Instructions to follow: Print all the records below exactly as they stand, but leave out the pictures.

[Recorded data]
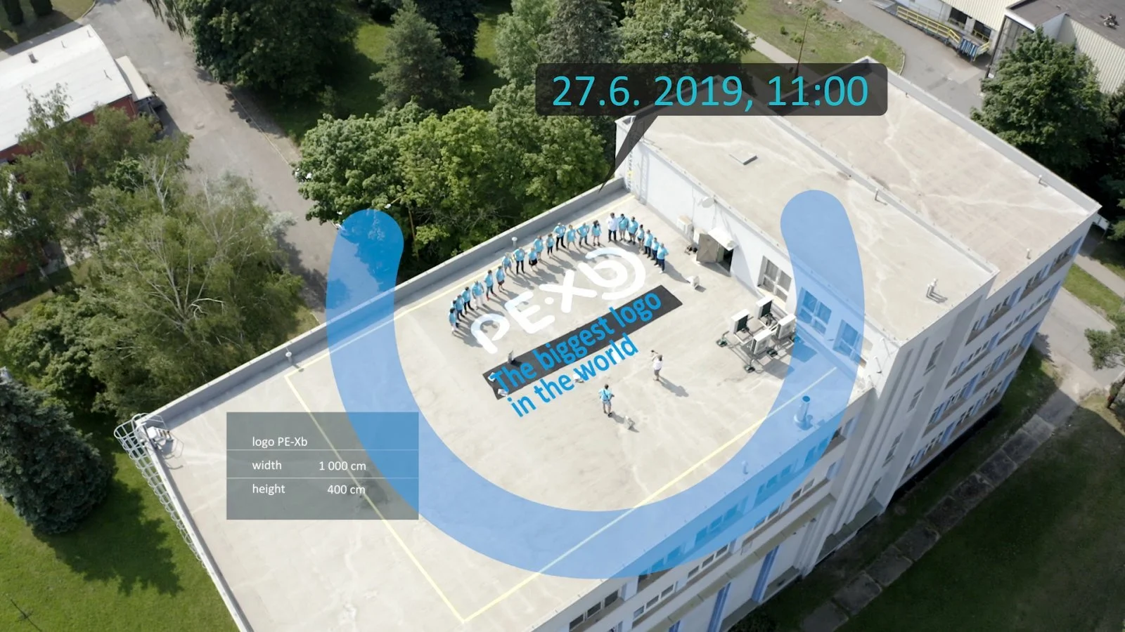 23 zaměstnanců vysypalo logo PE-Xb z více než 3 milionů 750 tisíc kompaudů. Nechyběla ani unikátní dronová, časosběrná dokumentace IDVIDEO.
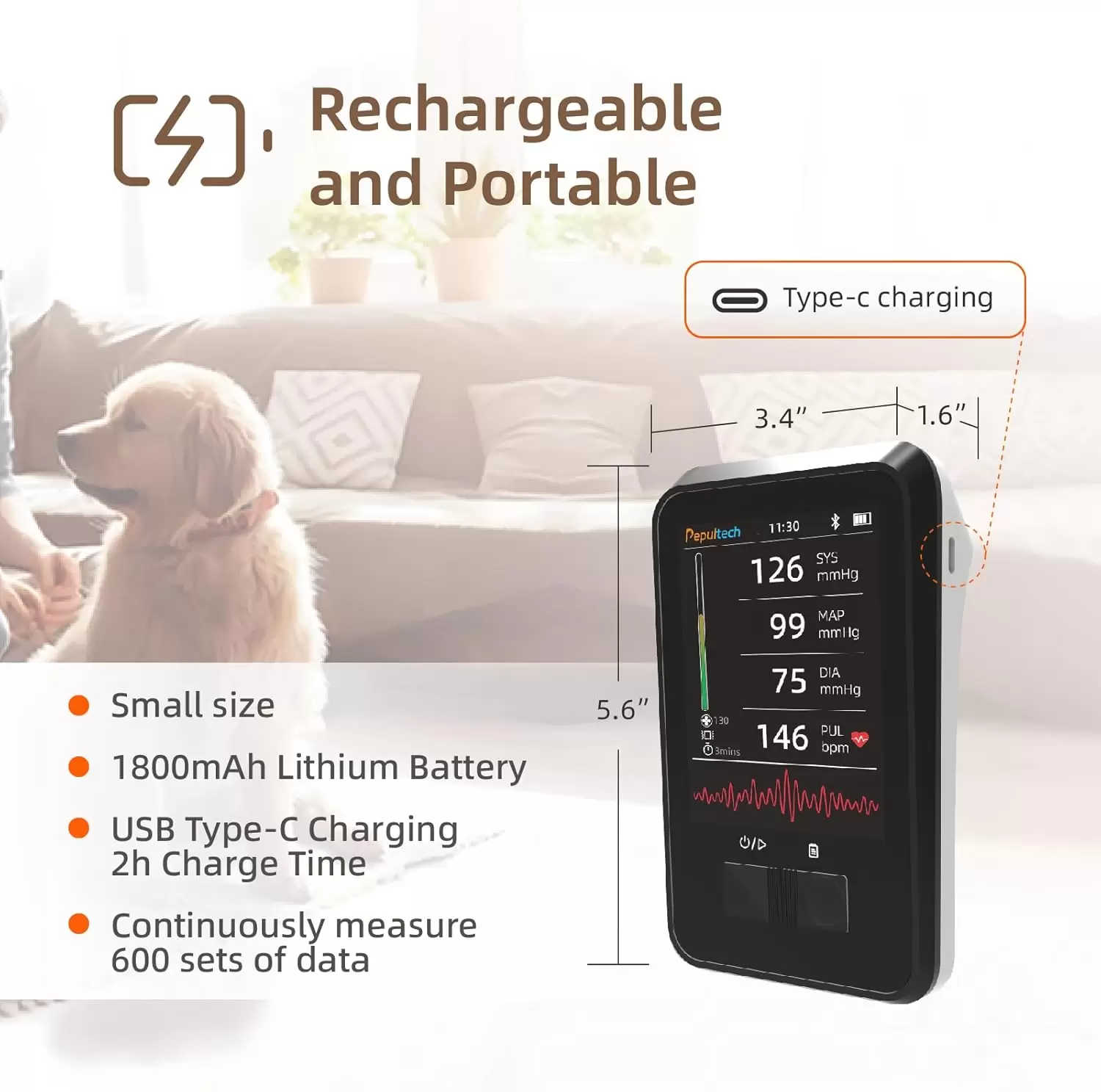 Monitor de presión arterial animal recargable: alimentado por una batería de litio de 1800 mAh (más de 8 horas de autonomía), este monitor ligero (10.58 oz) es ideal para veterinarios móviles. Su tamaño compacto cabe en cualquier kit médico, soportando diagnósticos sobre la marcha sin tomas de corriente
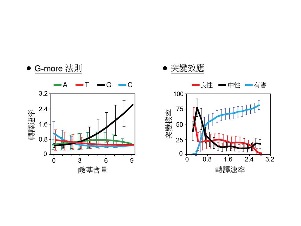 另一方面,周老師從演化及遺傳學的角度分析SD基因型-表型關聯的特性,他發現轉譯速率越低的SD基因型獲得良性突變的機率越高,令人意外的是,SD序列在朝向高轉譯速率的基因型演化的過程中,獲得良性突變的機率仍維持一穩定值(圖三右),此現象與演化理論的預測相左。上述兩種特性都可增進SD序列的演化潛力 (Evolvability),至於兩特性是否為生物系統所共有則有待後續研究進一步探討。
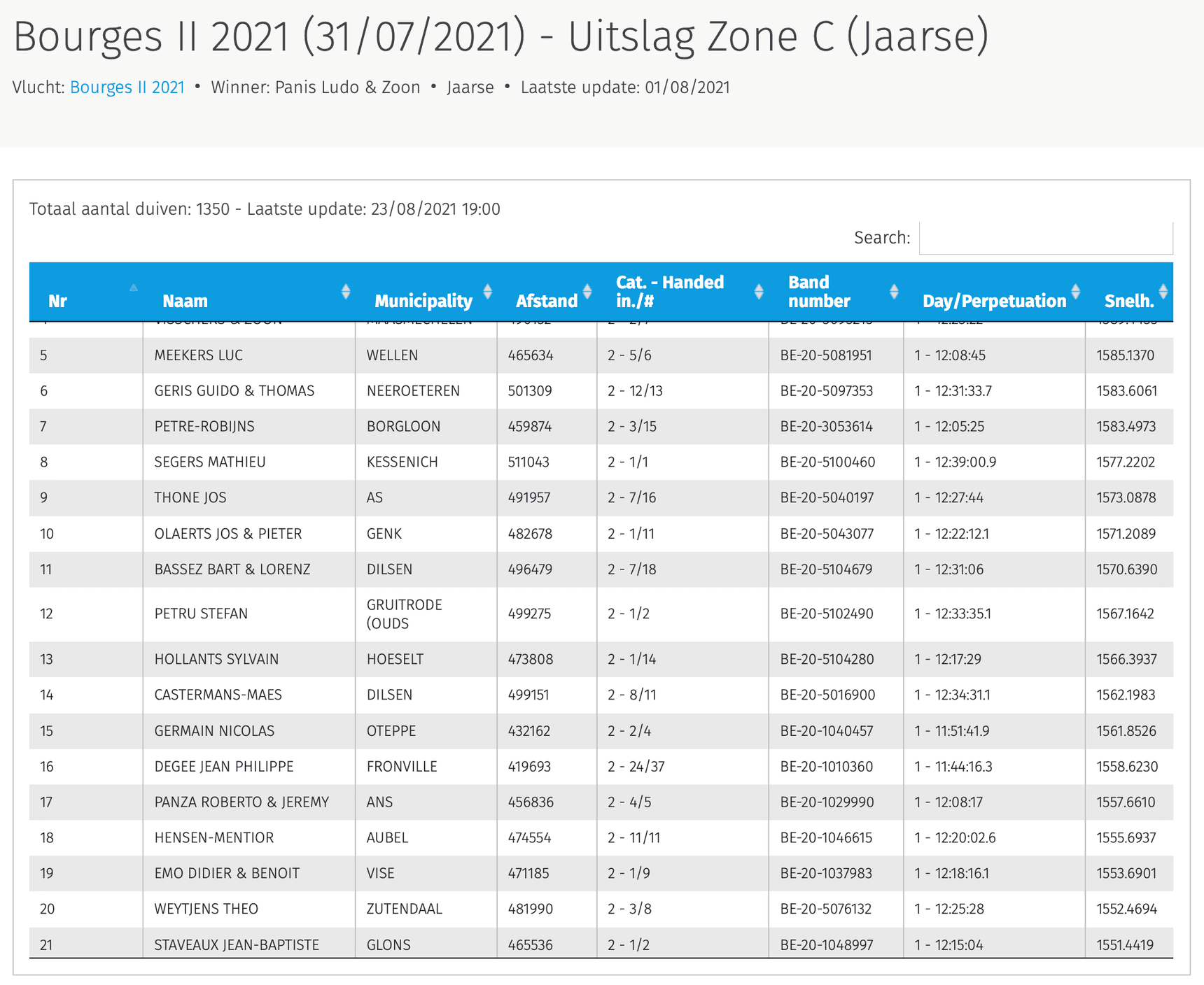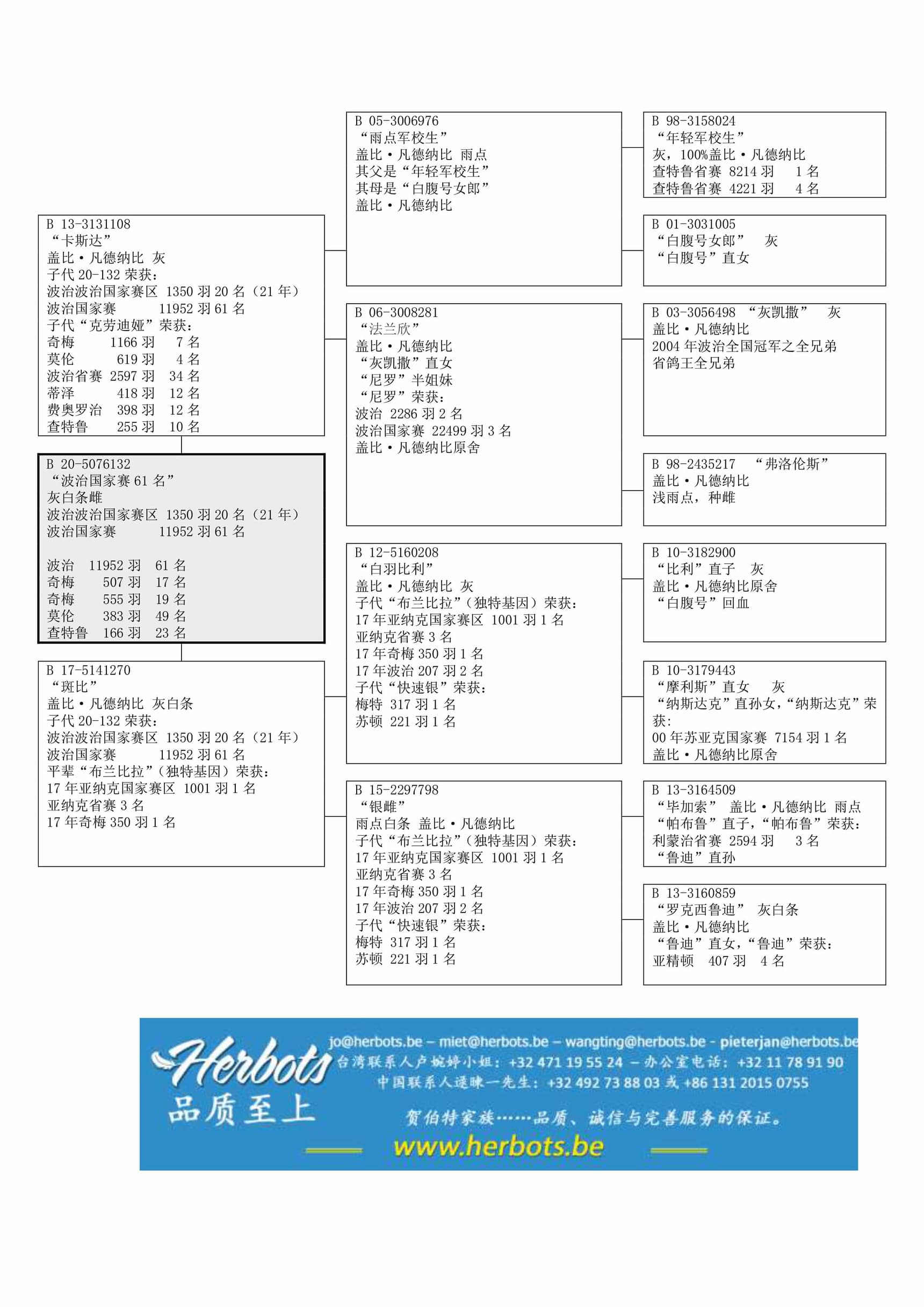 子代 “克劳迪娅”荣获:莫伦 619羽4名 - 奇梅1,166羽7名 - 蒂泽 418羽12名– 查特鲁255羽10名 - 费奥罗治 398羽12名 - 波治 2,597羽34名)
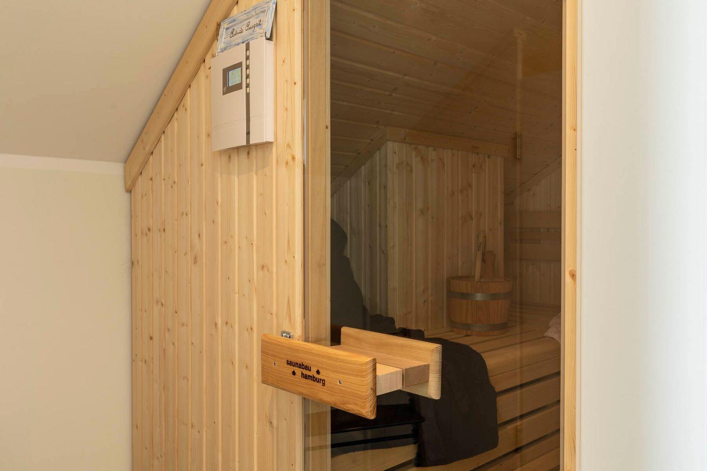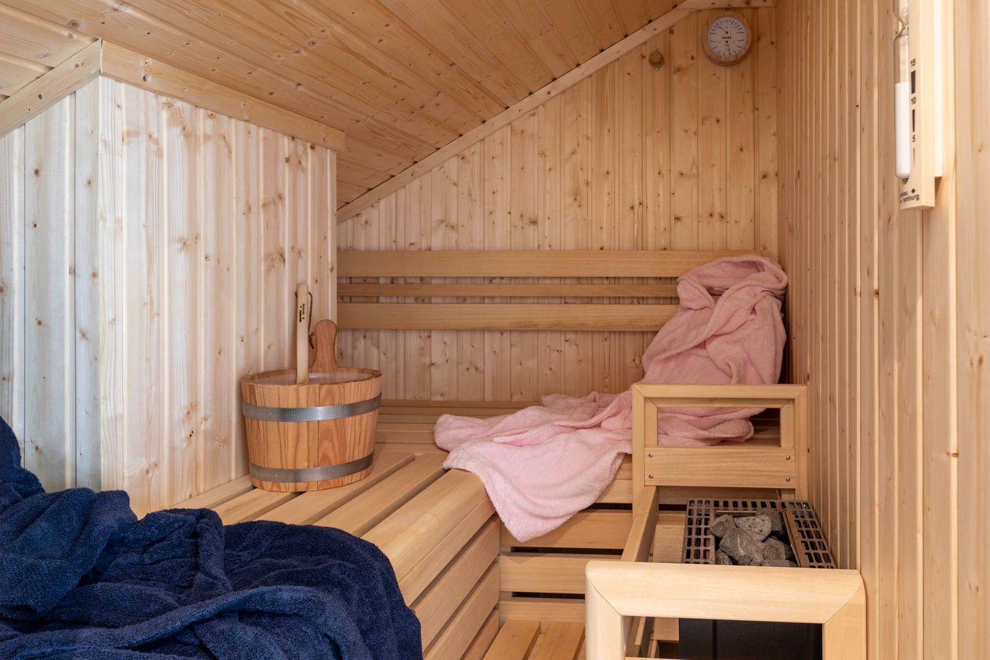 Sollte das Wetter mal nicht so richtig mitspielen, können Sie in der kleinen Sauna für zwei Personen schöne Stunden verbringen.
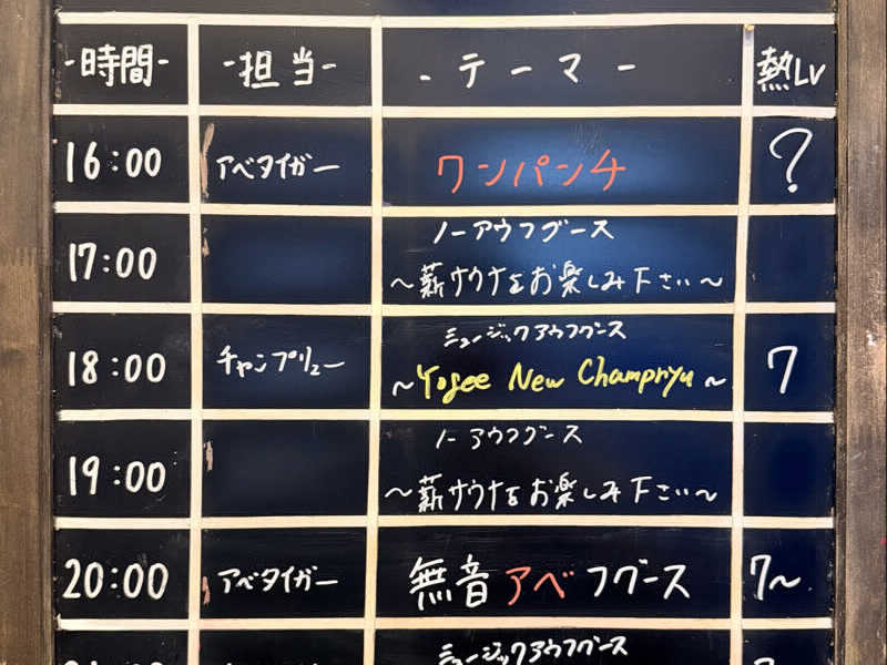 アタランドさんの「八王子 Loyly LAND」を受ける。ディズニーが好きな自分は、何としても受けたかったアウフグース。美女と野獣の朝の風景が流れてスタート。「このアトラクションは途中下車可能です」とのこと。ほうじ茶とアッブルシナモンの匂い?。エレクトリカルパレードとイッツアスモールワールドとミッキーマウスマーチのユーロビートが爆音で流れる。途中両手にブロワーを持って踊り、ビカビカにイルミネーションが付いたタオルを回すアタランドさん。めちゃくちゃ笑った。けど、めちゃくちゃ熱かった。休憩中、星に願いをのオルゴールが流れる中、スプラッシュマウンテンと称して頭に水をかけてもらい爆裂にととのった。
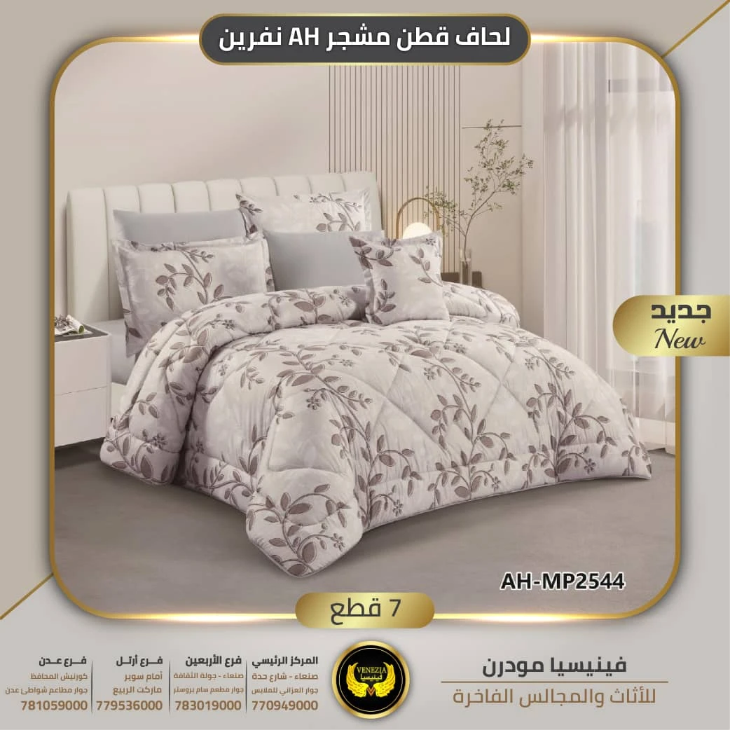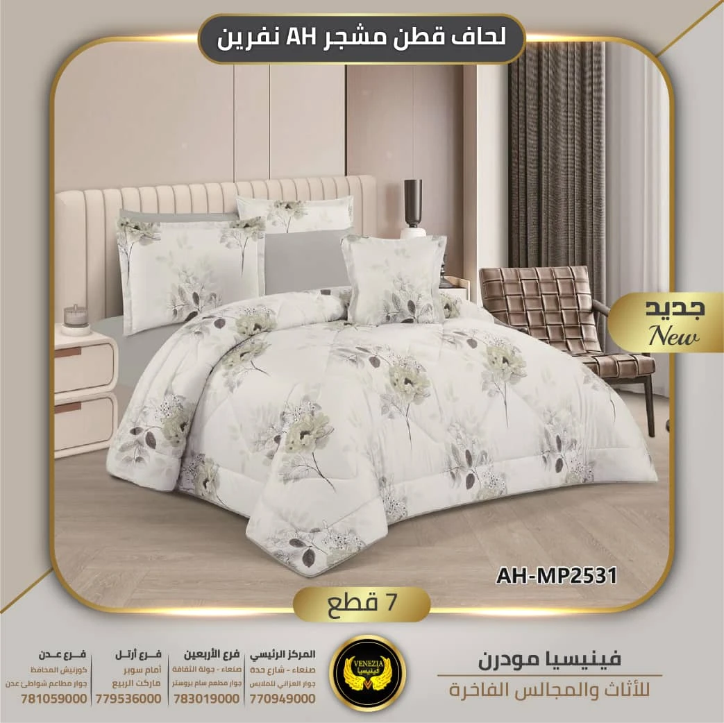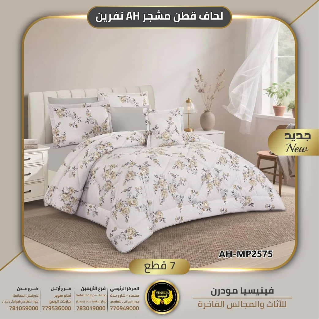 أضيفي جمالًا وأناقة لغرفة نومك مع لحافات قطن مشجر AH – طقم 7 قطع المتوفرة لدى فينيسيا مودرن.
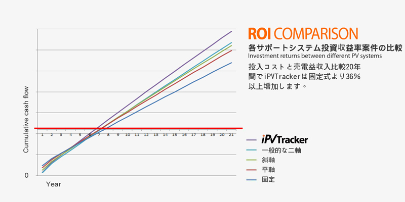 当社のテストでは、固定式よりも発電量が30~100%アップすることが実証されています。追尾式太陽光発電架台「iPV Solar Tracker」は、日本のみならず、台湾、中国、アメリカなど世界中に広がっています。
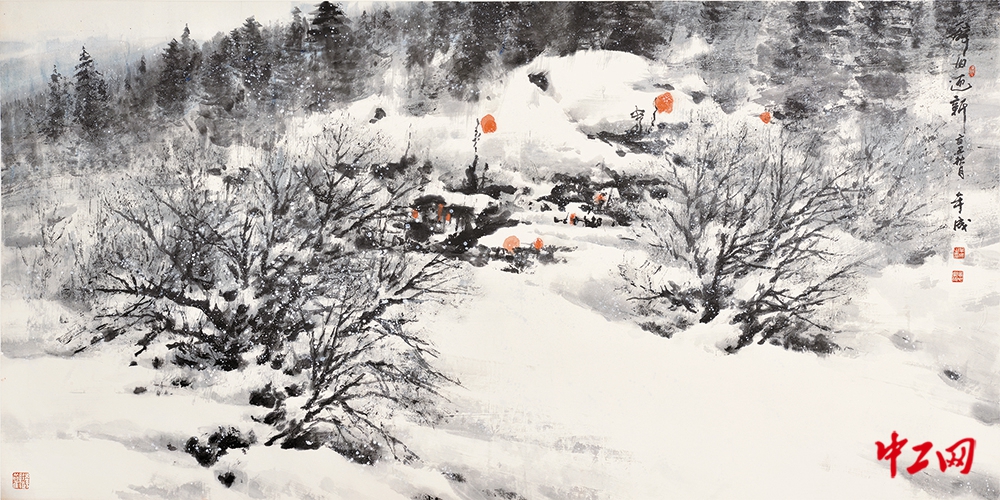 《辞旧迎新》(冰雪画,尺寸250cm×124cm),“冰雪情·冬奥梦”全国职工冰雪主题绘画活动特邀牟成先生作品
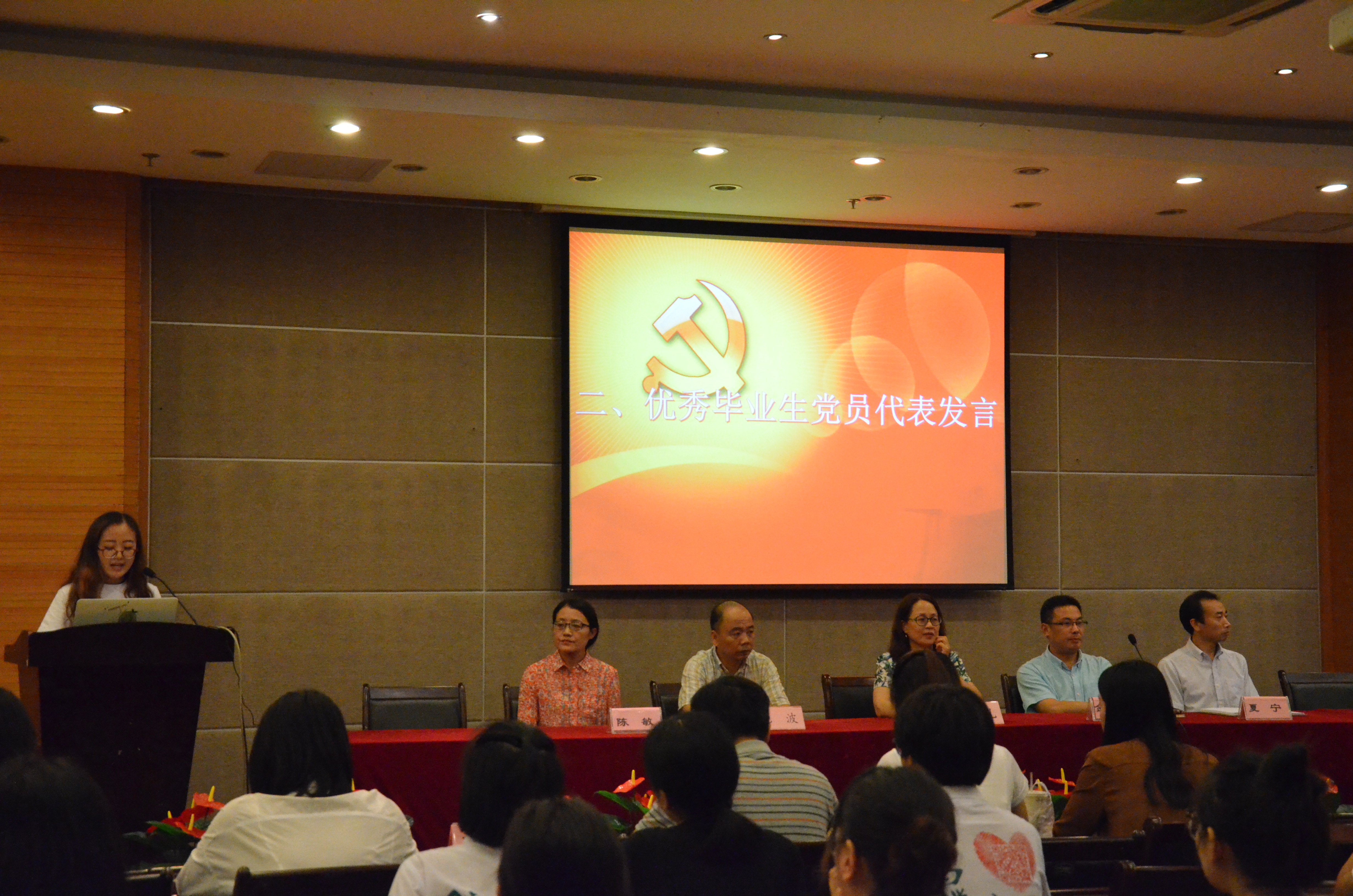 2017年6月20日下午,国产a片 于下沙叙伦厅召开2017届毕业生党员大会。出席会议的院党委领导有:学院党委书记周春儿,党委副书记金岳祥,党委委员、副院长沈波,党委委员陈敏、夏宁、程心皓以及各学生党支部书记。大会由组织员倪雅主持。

Finished exercise:
 23 zaměstnanců vysypalo logo PE-Xb z více než 3 milionů 750 tisíc kompaudů. Nechyběla ani unikátní dronová, časosběrná dokumentace IDVIDEO.
 Monitor de presión arterial animal recargable: alimentado por una batería de litio de 1800 mAh (más de 8 horas de autonomía), este monitor ligero (10.58 oz) es ideal para veterinarios móviles. Su tamaño compacto cabe en cualquier kit médico, soportando diagnósticos sobre la marcha sin tomas de corriente
 另一方面,周老師從演化及遺傳學的角度分析SD基因型-表型關聯的特性,他發現轉譯速率越低的SD基因型獲得良性突變的機率越高,令人意外的是,SD序列在朝向高轉譯速率的基因型演化的過程中,獲得良性突變的機率仍維持一穩定值(圖三右),此現象與演化理論的預測相左。上述兩種特性都可增進SD序列的演化潛力 (Evolvability),至於兩特性是否為生物系統所共有則有待後續研究進一步探討。
 子代 “克劳迪娅”荣获:莫伦 619羽4名 - 奇梅1,166羽7名 - 蒂泽 418羽12名– 查特鲁255羽10名 - 费奥罗治 398羽12名 - 波治 2,597羽34名)
 Sollte das Wetter mal nicht so richtig mitspielen, können Sie in der kleinen Sauna für zwei Personen schöne Stunden verbringen.
 アタランドさんの「八王子 Loyly LAND」を受ける。ディズニーが好きな自分は、何としても受けたかったアウフグース。美女と野獣の朝の風景が流れてスタート。「このアトラクションは途中下車可能です」とのこと。ほうじ茶とアッブルシナモンの匂い?。エレクトリカルパレードとイッツアスモールワールドとミッキーマウスマーチのユーロビートが爆音で流れる。途中両手にブロワーを持って踊り、ビカビカにイルミネーションが付いたタオルを回すアタランドさん。めちゃくちゃ笑った。けど、めちゃくちゃ熱かった。休憩中、星に願いをのオルゴールが流れる中、スプラッシュマウンテンと称して頭に水をかけてもらい爆裂にととのった。
 أضيفي جمالًا وأناقة لغرفة نومك مع لحافات قطن مشجر AH – طقم 7 قطع المتوفرة لدى فينيسيا مودرن.
 当社のテストでは、固定式よりも発電量が30~100%アップすることが実証されています。追尾式太陽光発電架台「iPV Solar Tracker」は、日本のみならず、台湾、中国、アメリカなど世界中に広がっています。
 《辞旧迎新》(冰雪画,尺寸250cm×124cm),“冰雪情·冬奥梦”全国职工冰雪主题绘画活动特邀牟成先生作品
 2017年6月20日下午,国产a片 于下沙叙伦厅召开2017届毕业生党员大会。出席会议的院党委领导有:学院党委书记周春儿,党委副书记金岳祥,党委委员、副院长沈波,党委委员陈敏、夏宁、程心皓以及各学生党支部书记。大会由组织员倪雅主持。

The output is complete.